(HealthDay)—For patients with ST-segment elevation myocardial infarction (STEMI) undergoing primary percutaneous coronary intervention (PCI), beta-blocker therapy at discharge correlates with reduced all-cause mortality, according to a study published in the June issue of JACC: Cardiovascular Interventions.
Jeong Hoon Yang, M.D., from Samsung Medical Center in Seoul, South Korea, and colleagues examined the correlation of beta-blocker therapy at discharge with clinical outcomes using data from 8,510 patients with STEMI undergoing primary PCI. Patients were classified into a beta-blocker group (6,873 patients) and no-beta-blocker group (1,637 patients). Propensity-score matching analysis was conducted in 1,325 patient triplets. Patients were followed for a median of 367 days for the primary outcome of all-cause death.
The researchers found that all-cause death occurred in 2.1 percent of the beta-blocker group and 3.6 percent of the no-beta-blocker group (P < 0.001). Beta-blocker therapy correlated with lower incidence of all-cause death after 2:1 propensity-score matching (2.8 versus 4.1 percent; adjusted hazard ratio, 0.46; P = 0.004).
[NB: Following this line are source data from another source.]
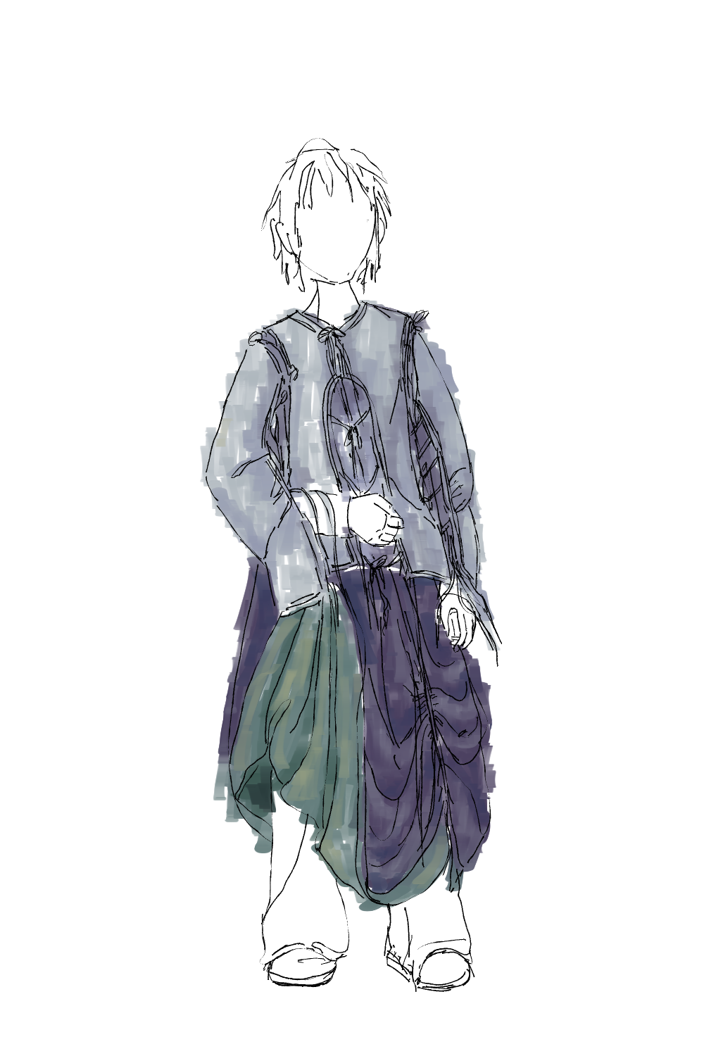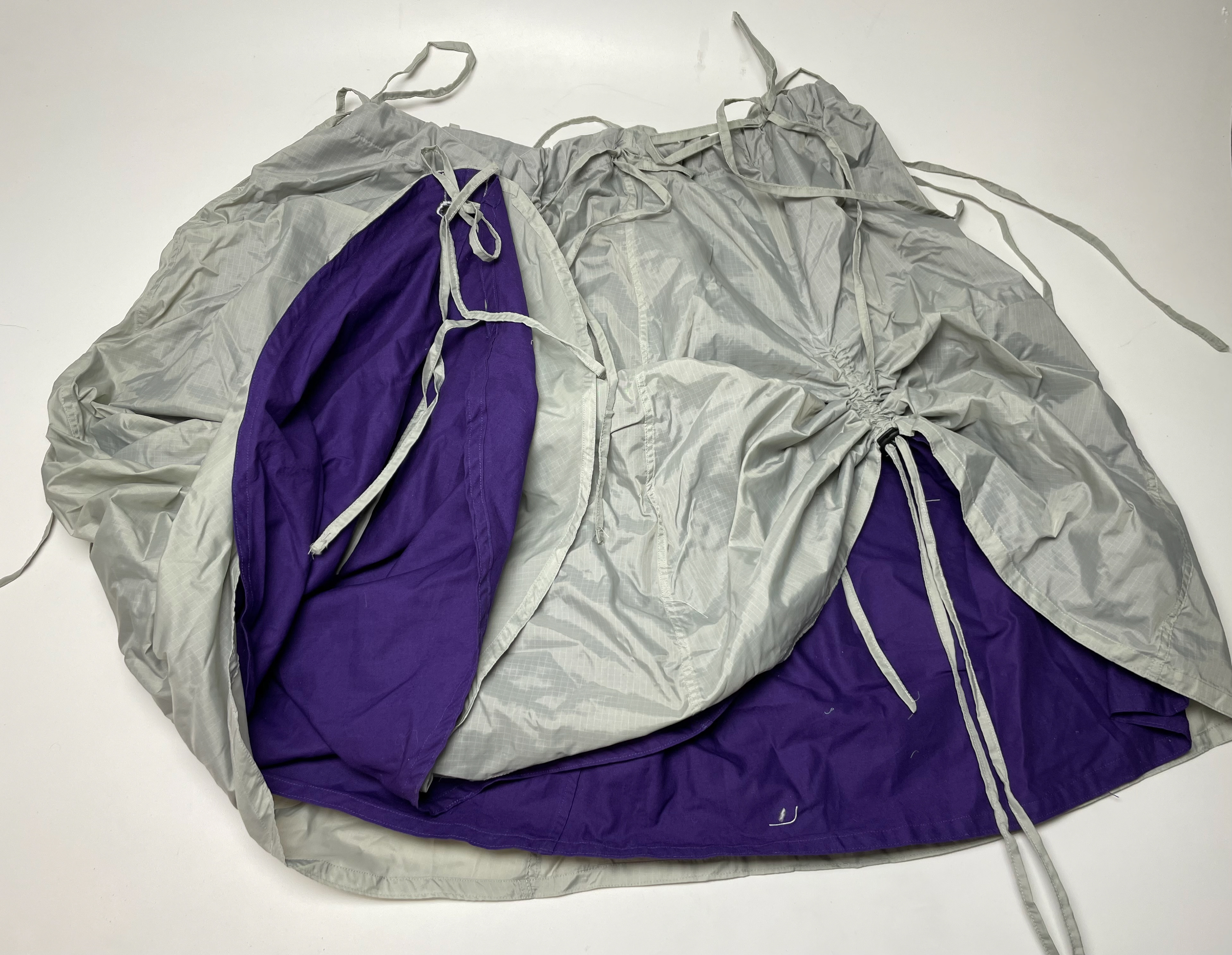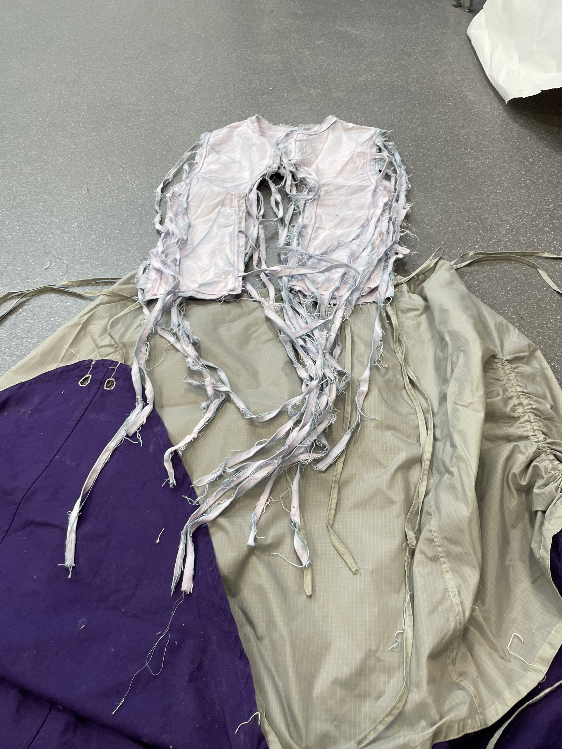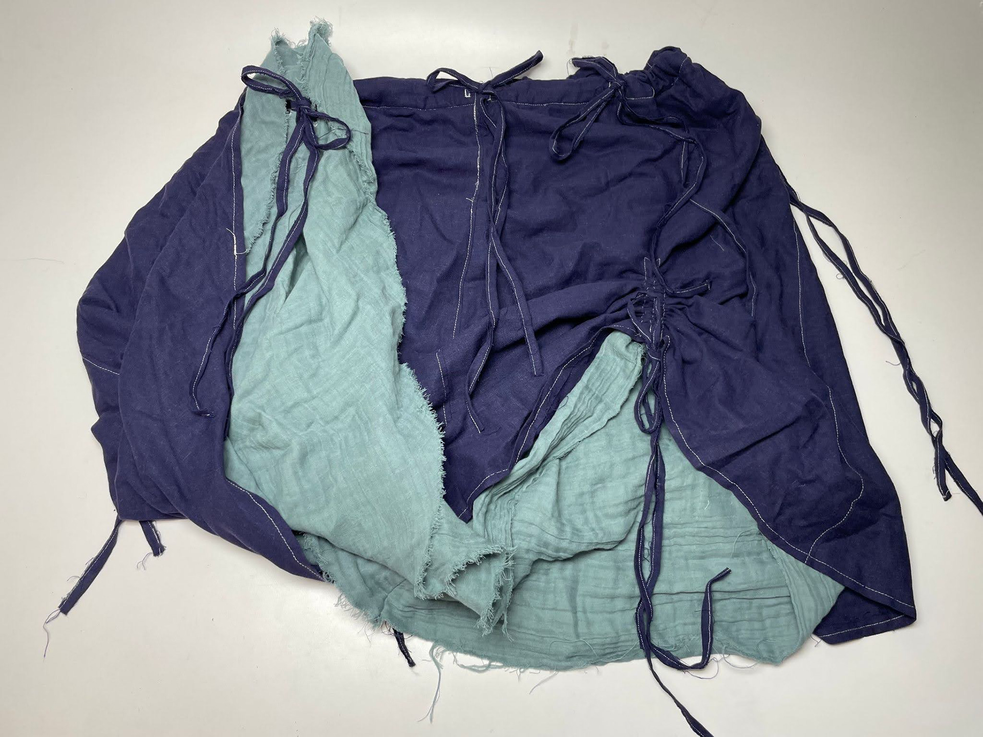 The purple and grey skirt was the original, but after dying the jacket, it became clear that the materials and colors clashed too much to work and I was forced to remake the pattern with different material
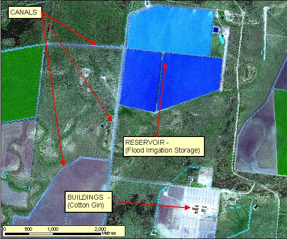 - Large Flood Irrigation Reservoirs can be identified by related infrastructure, such as Cotton Gin facilities that require Flood Irrigation practices.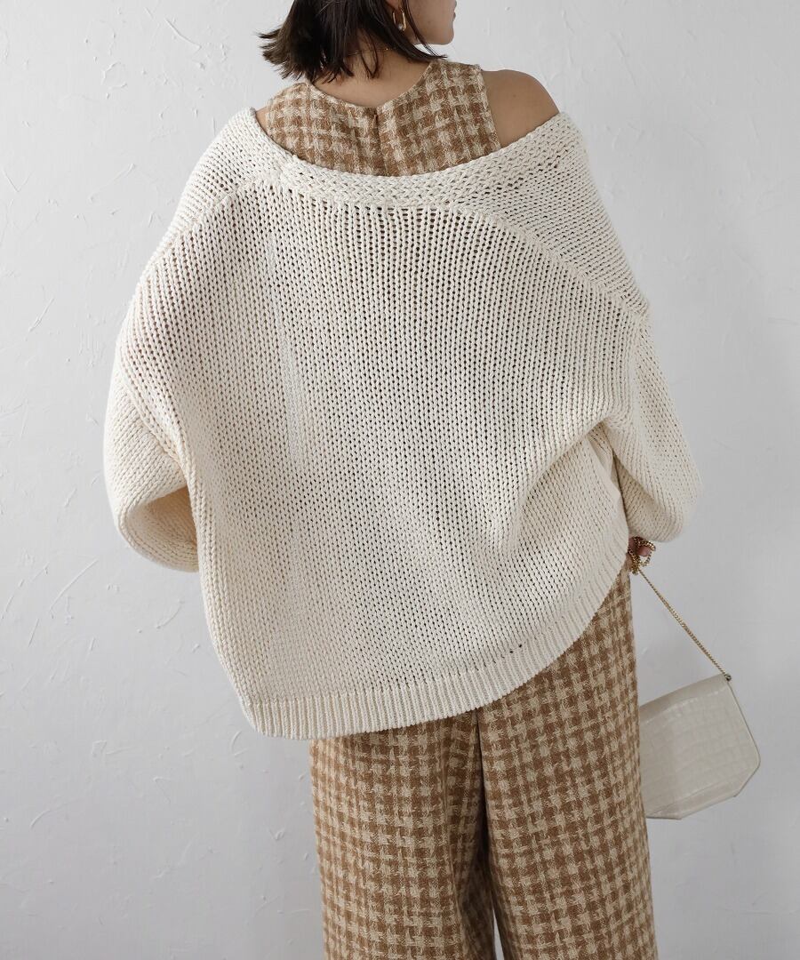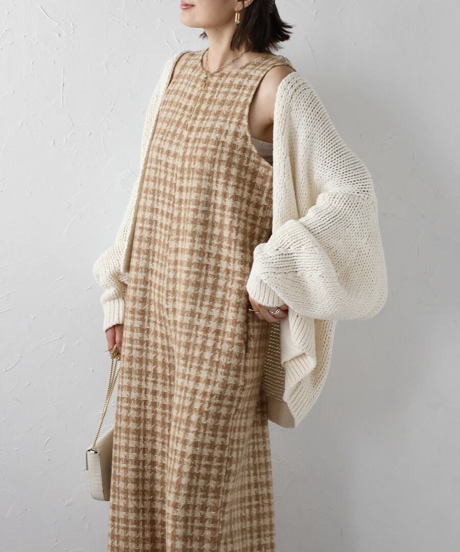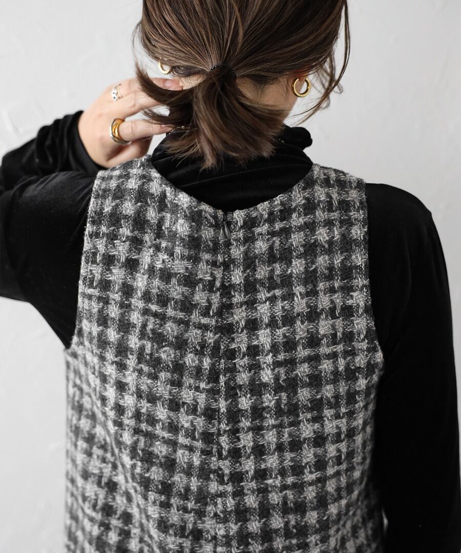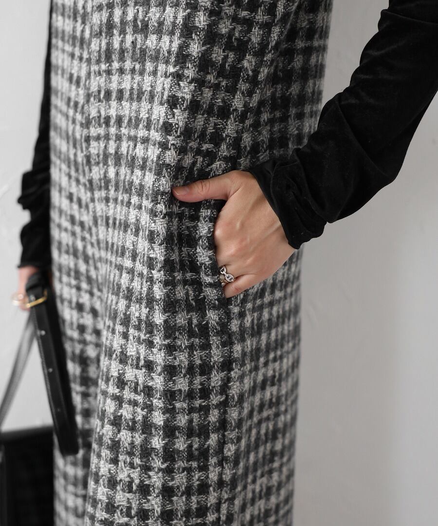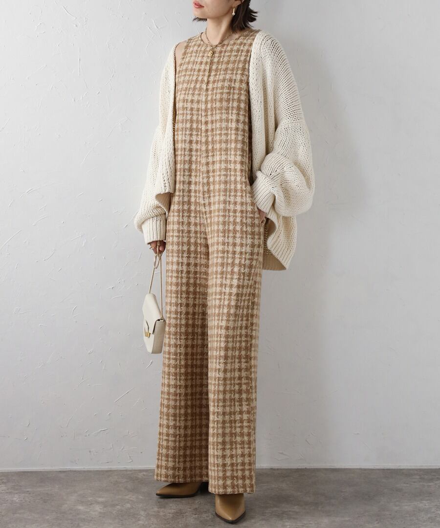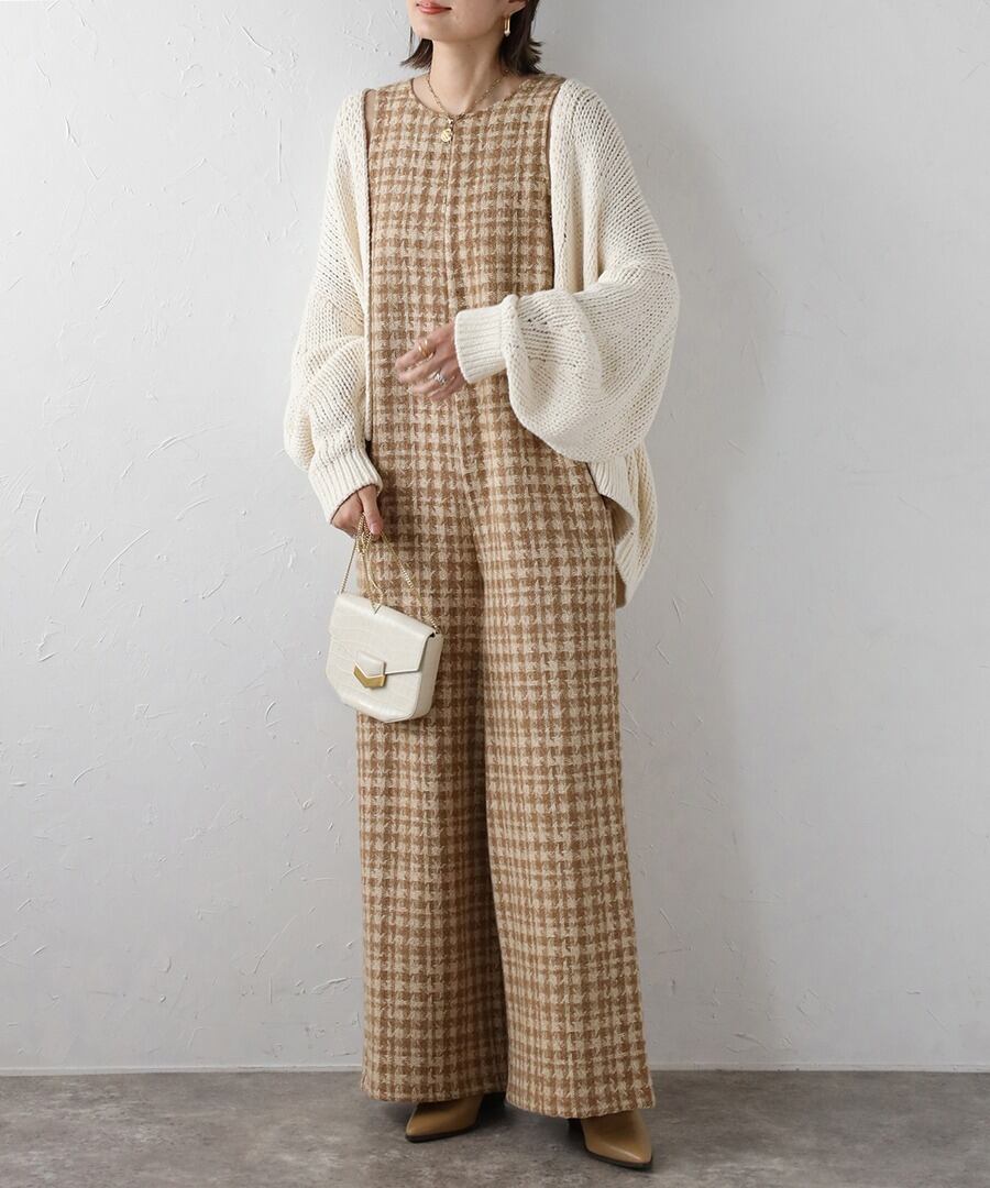 立体感のあるチェック柄が映える。洗練されたツイードオールインワン
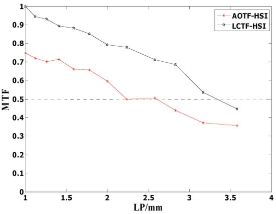 In order to evaluate AOTF and LCTF in the spatial domain, a USAF-1951 target was used []. The modulation transfer function (MTF) for elements of both group zero and one was calculated according to Equation (3), and was plotted as shown in Figure 8.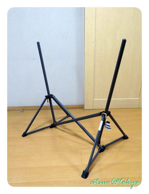 上部に飛び出た支柱(パイプ)を両側に開く事で脚部が広がります。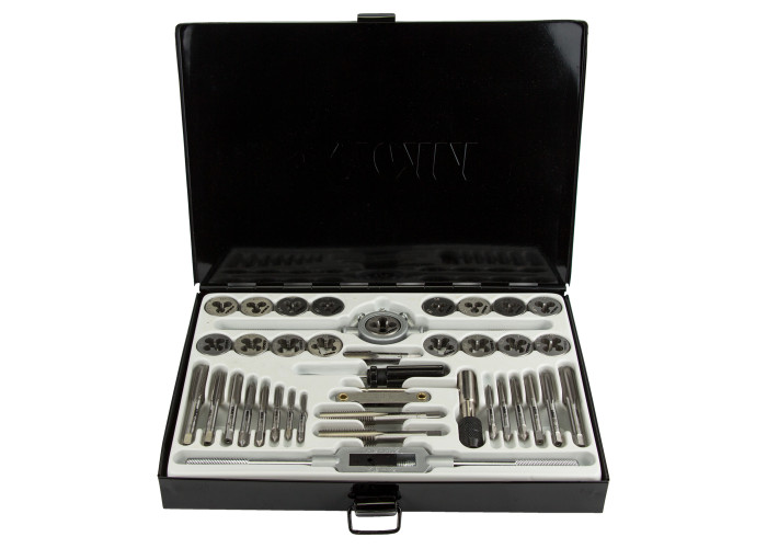 Набір плашок і мітчиків 40 предметів (металевий кейс) Sigma (1643251) призначений для нарізування внутрішньої та зовнішньої метричної різьби на металевих виробах, для калібрування і відновлення пошкоджених ділянок різьблення. При нарізуванні різьблення мітчик попередньо змащують консистентним мастилом, наприклад, солідолом. Особливості: рифлені поверхні на ручках власників для запобігання прослизання інструменту; зручний і міцний кейс для перенесення і зберігання; підходить для широкого діапазону матеріалів; плашки, завдяки високій жорсткості, дають можливість отримати різьблення високої якості; мітчики призначені для нарізування різьблення як в наскрізних, так і глухих отворів. Квалітет - 6g; кут профілю різьби - 60º; збіг різьблення - для плашок: 2х2Р; для мітчиків: 5К; тип отворів - для мітчиків: глухі, наскрізні; стандарт - плашки DIN 233, мітчики DIN 352. Комплектація: плашки: М3х0.5, М3х0.6, М4х0.7, М4х0.75, М5х0.8, М5х0.9, М6х0.75, М6х1.0, М7х0.75, М7х1.0, М8х1.0, М8Х1.25, М10х1.5, М10х1.25, М12х1.5, М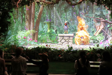 「やんばるフレンズ」は屋内施設でヤンバルクイナのキャラクター「ジャン」と実際に会話ができるアトラクション。東京ディズニーシーの「タートル・トーク」のように、リアルタイムでキャラクターとコミュニケーションできるものをイメージするとわかりやすいかと思う。どちらかというと、子どもの参加が意識されているものだ。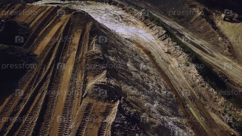 Верхний тип песчаного карьера, добыча природных ресурсов или руды, концепция тяжелой промышленности. резервные кадры. воздушный карьер со многими колесными треками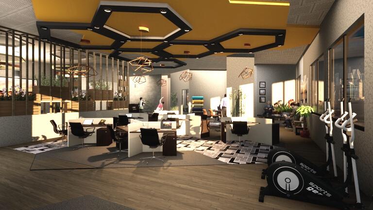 BE-OFFICE es una propuesta de oficinas que busca promover la relación entre cada uno de sus usuarios y garantizar no solo que estos tengan una mayor productivad sino también un mayor confort y bienestar tanto físico como mental.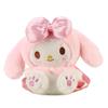 This plush My Melody backpack features soft, durable polyester exterior with a nylon interior lining. Designed for daily use, it offers a zipper closure and a dedicated mobile phone pocket for easy organization. Its medium-soft hardness supports comfortable carrying. Ideal for casual outings and daily commuting, it can be maintained by wiping clean with a damp cloth.
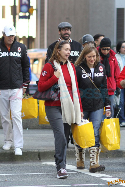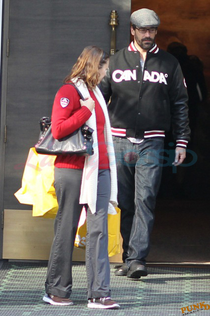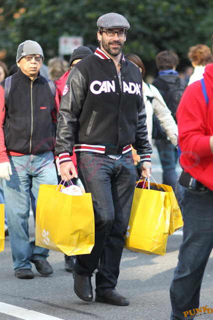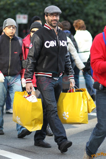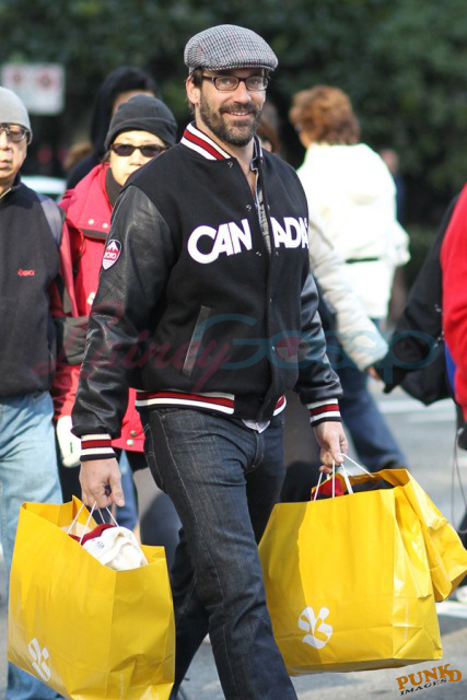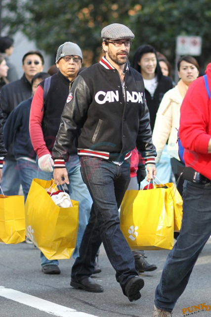 This is Jon Hamm leaving the HBC gifting suite today wearing Canada gear after loading up on Canada gear. As you probably know, the HBC red mittens were featured on Oprah last week, everyone is lining up around the block to get into the HBC store, many of you entered the sweater contest last week... HBC’s Olympic collection is an unprecedented success.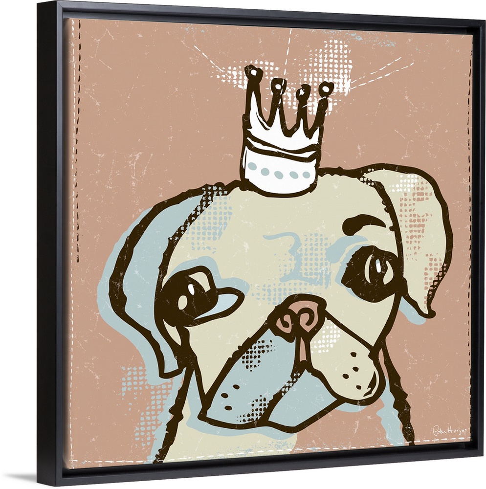 <p>A domesticated pug dog or boston terrier with a crown on his head called top dog.</p>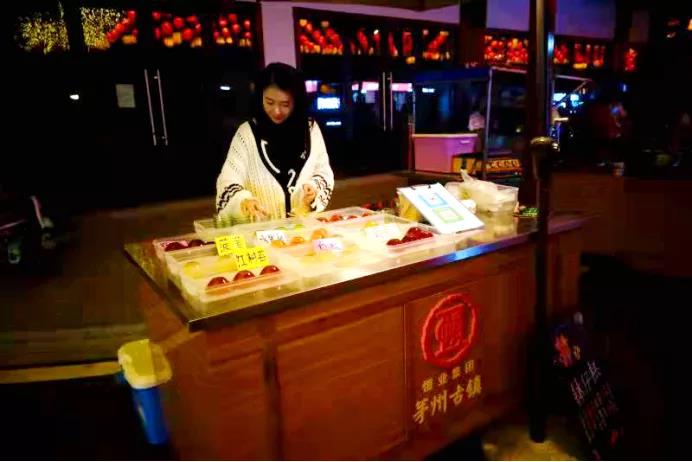 木质方形构架的摊点隔空排列着,除了一些工艺品,也有手工制品,手工寿司、手工钵仔糕、手工糖果、手工纱绸发夹。

In terms of all-cause death, the correlation of beta-blocker therapy with better outcomes was consistent across subgroups, including patients with relatively low-risk profiles such as ejection fraction >40 percent or single-vessel disease.
"Our results support the current American College of Cardiology/American Heart Association guidelines, which recommend long-term beta-blocker therapy in all patients with STEMI regardless of reperfusion therapy or risk profile," the authors write.